8. Type Casting: Booleans

Standardizing boolean fields.

boolean_mapping = {"Y": True, "N": False}
boolean_cols = [
    "nsftp_indicator", 
    "drp_indicator", 
    "veteran_indicator"
]
for col in boolean_cols:
    if col in combined_df.columns:
        combined_df[col] = combined_df[col].map(boolean_mapping)
        combined_df[col] = combined_df[col].astype("boolean")

9. Type Casting: Categoricals

Optimizing memory usage based on uniqueness of objects. Probably not needed.

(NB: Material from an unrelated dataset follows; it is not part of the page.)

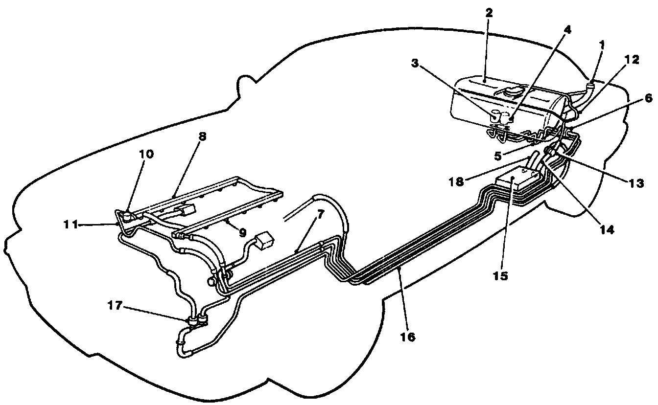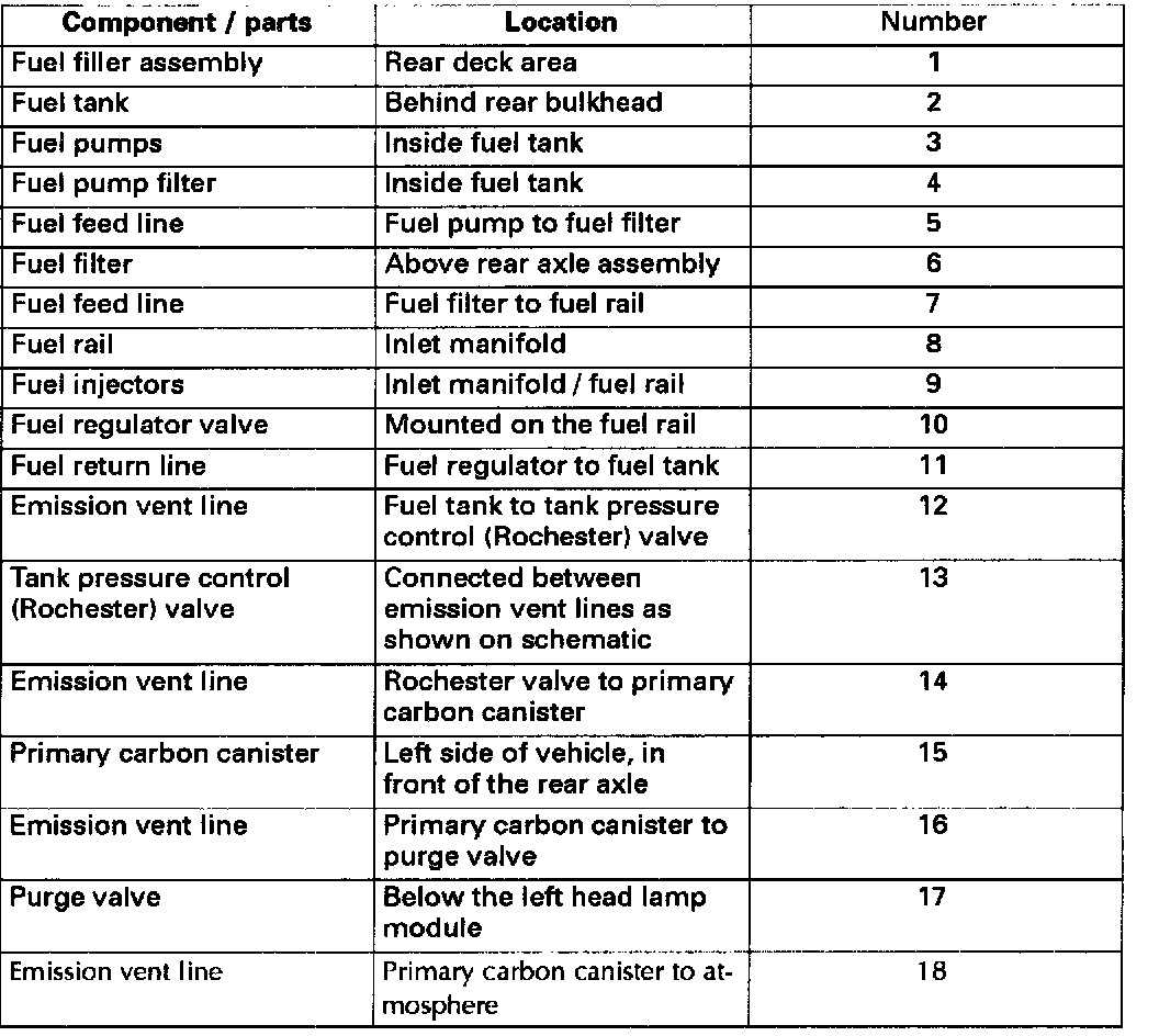 The above schematic illustration (Fig. 1), shows the part and component layout of the fuel system and is to be read with the table below.

for col in combined_df.select_dtypes(include=["object"]).columns:
    if combined_df[col].nunique() < 100:
        combined_df[col] = combined_df[col].astype("category")

10. Drop Useless Columns

The column 'count' consisted entirely of the value '1' for every row in the data. Ain't nobody got time for that.

columns_to_drop = ["count"]
existing_cols_to_drop = [col for col in columns_to_drop if col in combined_df.columns]
if existing_cols_to_drop:
    combined_df.drop(columns=existing_cols_to_drop, inplace=True)
    print(f"Dropped columns: {existing_cols_to_drop}")

Dropped columns: ['count']

11. Export to Parquet

Do the thing!

combined_df.to_parquet(output_file, engine="pyarrow", index=False)
print(f"Data successfully cleaned, typed, and exported to {output_file}")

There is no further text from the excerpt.